One of the many, many, many things I loved about my alma mater, USC, was the sheer amount of musical talent that regularly graced campus. The first time I saw M83 live was at Ground Zero, USC’s performance cafe. Daytime Keane concert at Tommy Trojan? Yea, I ditched a calculus lecture for that. Then there was that free Jimmy Eat World concert on the quad for Conquest, our annual rivalry week football rally. And this was all in my freshman year.
Among the power players in USC’s thriving, multi-genred music scene is KXSC (formerly known as KSCR), the non-profit, donation-funded radio station run by the students of USC, for the students of USC. Its biggest annual event, KXSC Fest, has hosted numerous up and comers, including Thee Oh Sees, The Growlers, Flying Lotus, and Nosaj Thing.
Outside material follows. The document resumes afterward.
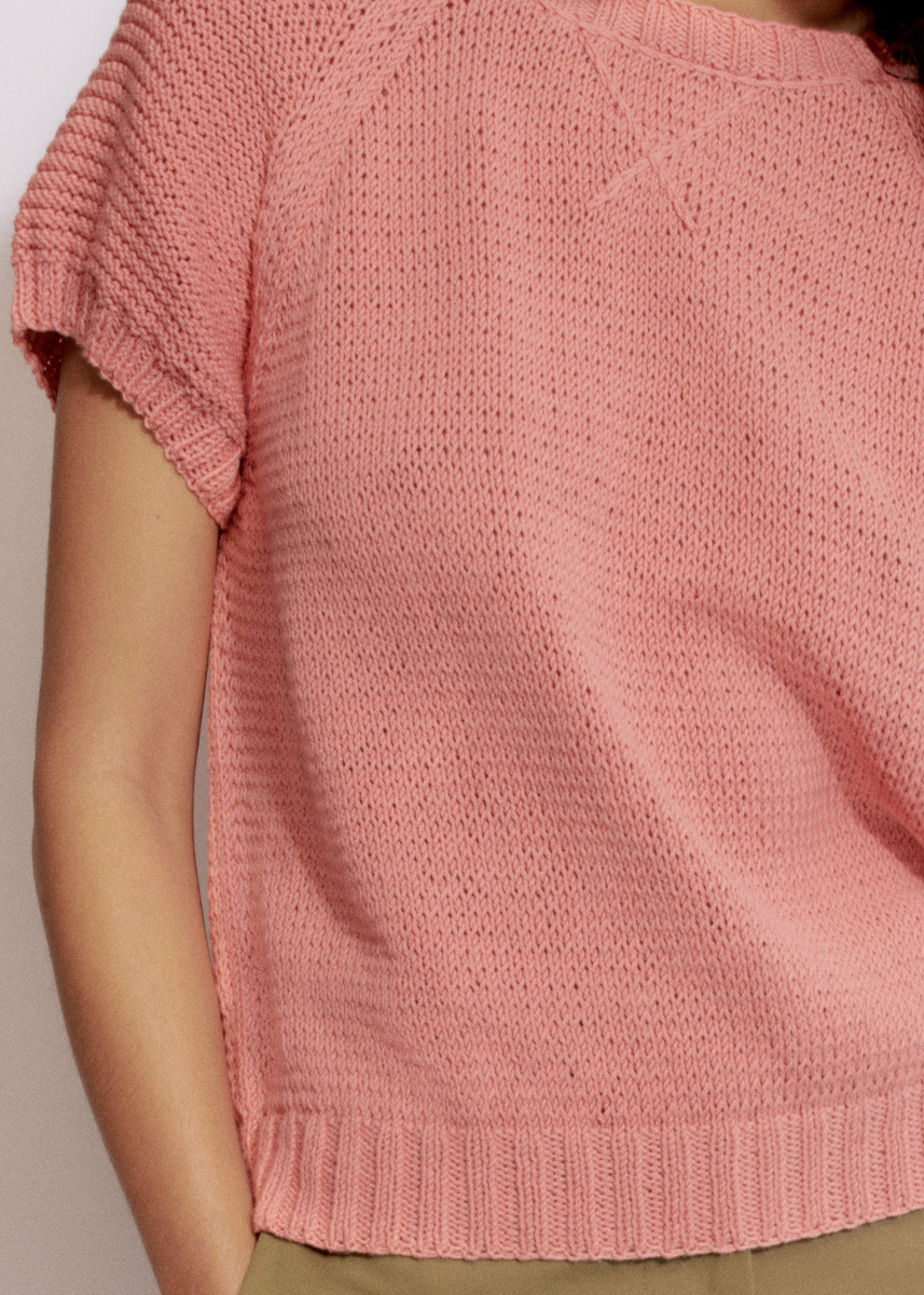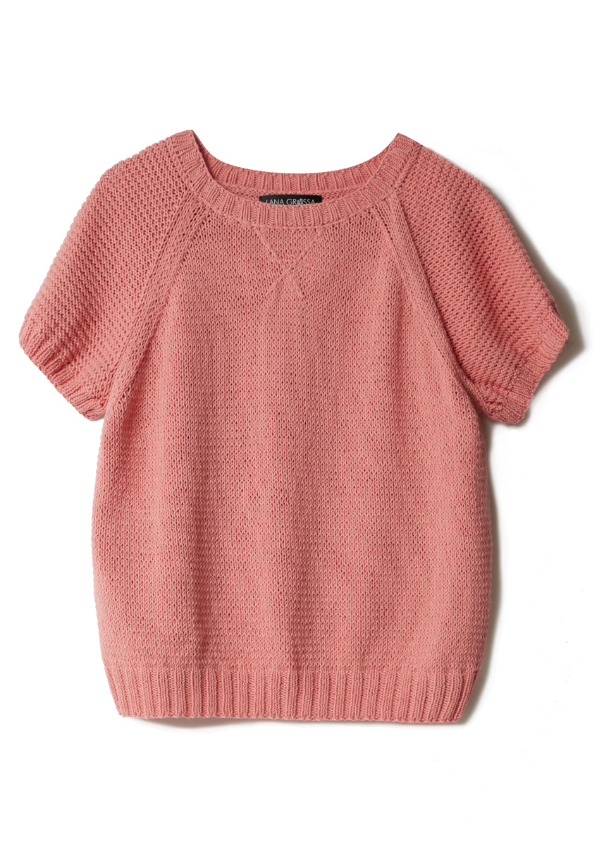 Lana Grossa Elastico (96% bomull, 4% polyester (Elité), löplängd 160 m/50 g), 250 (300 – 300) g lax (färg 132); stickor nr. 3,5, 4 och 5,5, 1 rundsticka nr. 3,5, 40 cm lång och 1 virknål nr. 3,5.

Whether or not I’d be joining this year’s event wasn’t really much of a question, but Dan Deacon’s placement on the lineup settled the deal for me.
After scarfing down my dinner of honey-garlic fried chicken wings from the Ludotruck, I made my way into the swank new Ronald Tutor Campus Center and down to its basement where the event was taking place. Electronic duo Nguzunguzu was playing on stage, which, in hindsight, was the backing track to my first time seeing the ballroom in the basement. Large stage? Check. Great sound? Check. Free coffee? Check. Dancing robot? Check. Booth with trippy visuals and accompanying light refracting glasses on steroids on sale? Check.
I had stumbled into some sort of bizarro wonderland.
Gothic singer-songwriter Chelsea Wolfe took the stage next and unleashed a strangely euphoric yet unmistakably eerie spell on the crowd. Her music, a haunting lullaby with tinges of rock, was an abrupt but welcome change from the heart-pumping electronic music that preceded it.
But nothing could prepare the room for the ridiculousness that was about to befall it when experimental electronic amalgam artist Dan Deacon took the stage. His setup, a jumbled mix of rainbow-colored cables on an equally flamboyant console, was laid on on the actual dancefloor so he could be at equal level with the audience. What followed was a ridiculous mix of psychedelic tunes, uninhibited dancing, shaman-esque words of wisdom from Dan Deacon, and a game of Simon Says if Simon had been candy flipping.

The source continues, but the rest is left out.